DNT cells are CD3 + and CD45+; % of DNT is calculated among CD3 + cells.

After all investigations, it was concluded that the most probable diagnosis was immune dysregulation with autoinflammation, resembling one of the periodic fever syndromes. The blood was sent for genetic testing.

3. Genetic testing

Due to atypical clinical presentation with signs of autoinflammation not specific to a single disease, Next-Generation Sequencing (NGS) was performed.

A whole blood EDTA sample was used for the extraction of genomic DNA according to established laboratory protocols using a FlexiGene DNA isolation kit (Qiagen, Germany). NGS sequencing was performed using a MiSeq desktop sequencer coupled with MiSeq Reagent kit v3 (both Illumina, San Diego, USA). The regions of interest were enriched using the TruSightOne library enrichment kit (Illumina, San Diego, USA) following the manufacturer's instructions. The sequencing data reached 99.9% for at least 10X coverage for a patient. The selected core panel of autoinflamatory genes (CARD14, ELANE, HAX1, IL10, IL10RA, IL10RB, IL1RN, IL36RN, LPIN2, MEFV, MVK, NLRP12, NLRP3, NOD2, NLRP7, PLCG2, PSTPIP1, SH3BP2, SLC29A3, TMEM173, TNFAIP3, TNFRSF11A, and TNFRSF1A) was used for filtering.
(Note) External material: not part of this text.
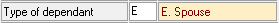 - The Type of Dependant will display as follow on the Dependant Input screen.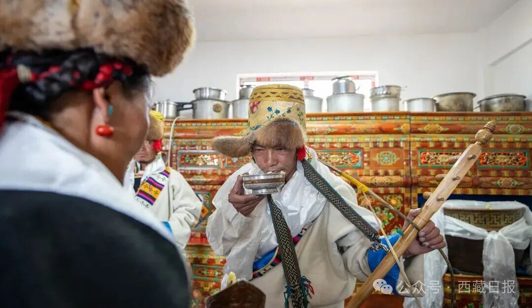 央金手捧银碗,斟满青稞酒,向客人敬上“三口一杯”。不一会儿,歌声悠然响起,人们自然而然地围成一圈,伴着扎念琴,跳起定日洛谐。

In the TNFAIP3 gene, which codes for Tumor Necrosis Factor-Alpha-Induced Protein 3, the heterozygous substitution NM_006290.3:c.1084C > T was found. It changes amino acid glutamine at position 362 into termination codon (NP_006281.1:p.Gln362Ter). Nomenclature is cited according to the HGVS guidelines (www.hgvs.org/mutnomen). The potential deleterious effect of identified genetic variants was analyzed with in silico prediction tools: CADD score: Pherd 36 (http://cadd.gs.washington.edu/score) and Mutation taster: disease-causing 0,99 (http://www.mutationtaster.org/). The variant was not present in dbSNP or gnomAD database (genome Aggregation Database: https://gnomad.broadinstitute.org/).

The variant was confirmed with Sanger sequencing (ABI Genetic Analyzer 3500, Applied Biosystems, USA). Family segregation analysis was performed in both parents in whom identified mutation was not present.

The mutation in the patient was de novo and novel in a spectrum of mutations for A20 Haploinsufficiency. Genetic testing was also performed on the parents. No mutations in the TNFAIP3 gene were found.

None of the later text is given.